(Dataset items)
↓↓↓

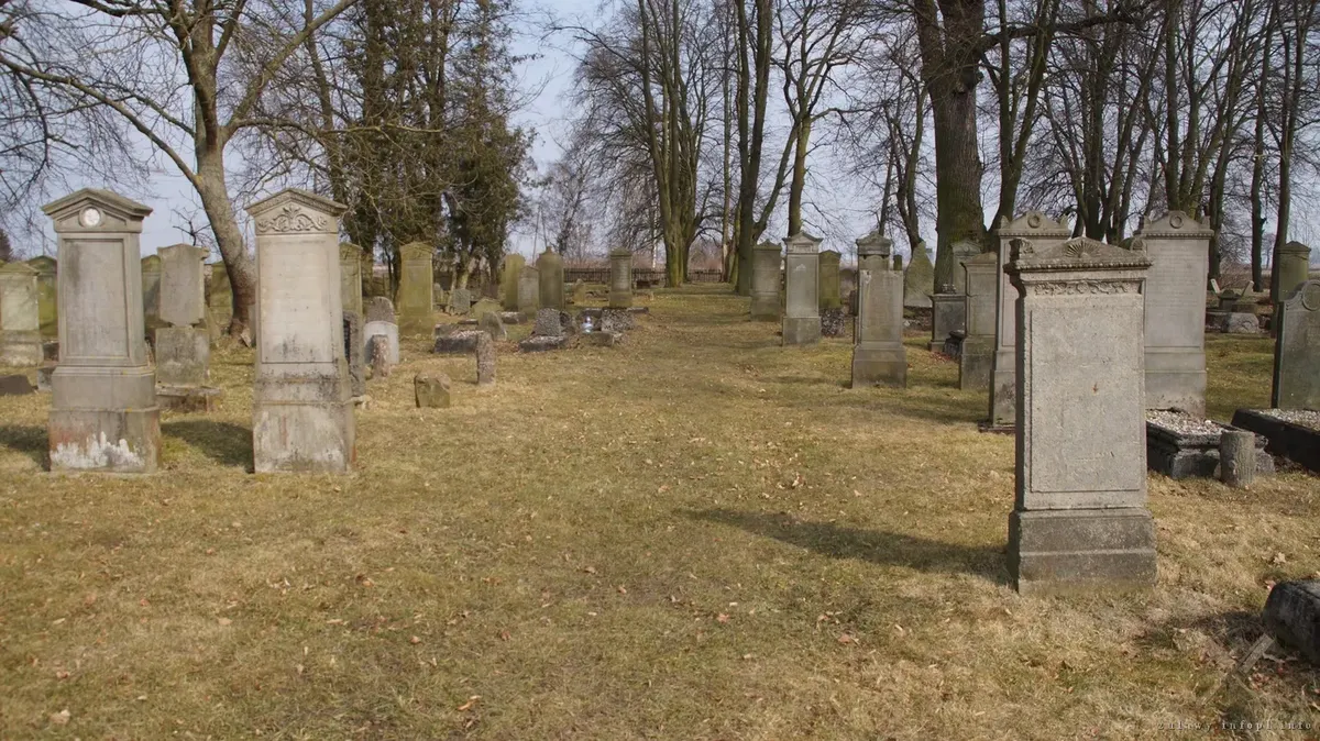 Pięknie zadrzewiony cmentarz liczy sobie około 100 nagrobków, gdzie w przeważającej części dominują piaskowcowe stele.
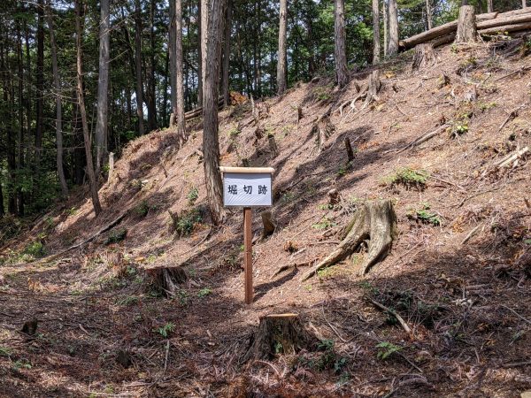 「堀切」跡及び「本郭」付近です。「本丸」跡は、もう少し先にあります。説明看板によると、かなりの規模の城郭だったようです。
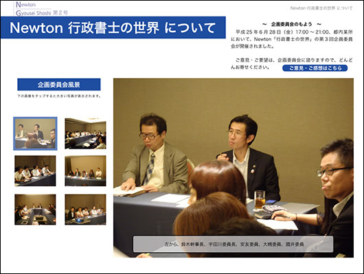 株式会社ニュートンは、2013年7月8日、月刊Newton「行政書士の世界」(電子書籍版)第2号を公開しました。幅広い行政書士業務の広報・普及活動による行政書士業務の拡大を目的としています。(URL)http://gyousei-world.newton-jp.com/(お問い合わせ先)03-5352-7760担当:支配人大久保宏明(mail)okubo@newton-net.co.jp
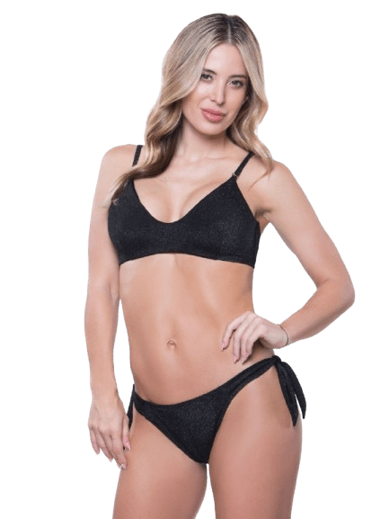 Los textiles diferenciales son la última tendencia en trajes de baño y esta línea no se queda atrás. Se presentan dos conjuntos destacados por estar confeccionados en un textil con un sutil brillo de lurex en su composición, que lo hace una opción llamativa y sexy con sus detalles de argollas metálicas. Pudiendo encontrar triangulo y tanga colaless o corpiño con tanga con nudo, ambos conjuntos tienen prendas regulables haciéndolos adaptables a todos los talles y cuerpos. Podes encontrar opciones en color fresa, negro y nut. COMPOSICIÓN: 66% POLIESTER – 30% LUREX – 4% ELASTANO
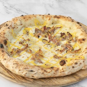 Fior di latte, guanciale croccante, carbocrema, pecorino e pepe
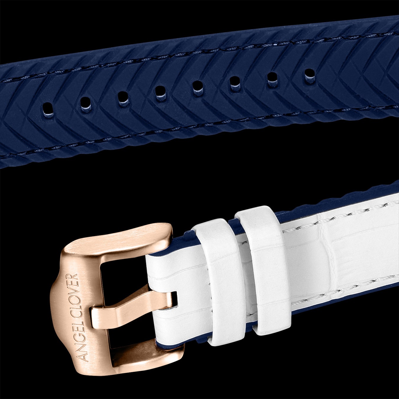 レザーの側面と背面に耐久性の良いラバーを圧着させた、ハイブリットベルトを起用。

↑↑↑

# WHAT YOU ARE ASKED TO DO
Output exactly the lines from the line containing "株式会社ニュートンは、201" through the last line of the records, both included, and leave out every picture.

# RESULT OF THE EXERCISE
 株式会社ニュートンは、2013年7月8日、月刊Newton「行政書士の世界」(電子書籍版)第2号を公開しました。幅広い行政書士業務の広報・普及活動による行政書士業務の拡大を目的としています。(URL)http://gyousei-world.newton-jp.com/(お問い合わせ先)03-5352-7760担当:支配人大久保宏明(mail)okubo@newton-net.co.jp
 Los textiles diferenciales son la última tendencia en trajes de baño y esta línea no se queda atrás. Se presentan dos conjuntos destacados por estar confeccionados en un textil con un sutil brillo de lurex en su composición, que lo hace una opción llamativa y sexy con sus detalles de argollas metálicas. Pudiendo encontrar triangulo y tanga colaless o corpiño con tanga con nudo, ambos conjuntos tienen prendas regulables haciéndolos adaptables a todos los talles y cuerpos. Podes encontrar opciones en color fresa, negro y nut. COMPOSICIÓN: 66% POLIESTER – 30% LUREX – 4% ELASTANO
 Fior di latte, guanciale croccante, carbocrema, pecorino e pepe
 レザーの側面と背面に耐久性の良いラバーを圧着させた、ハイブリットベルトを起用。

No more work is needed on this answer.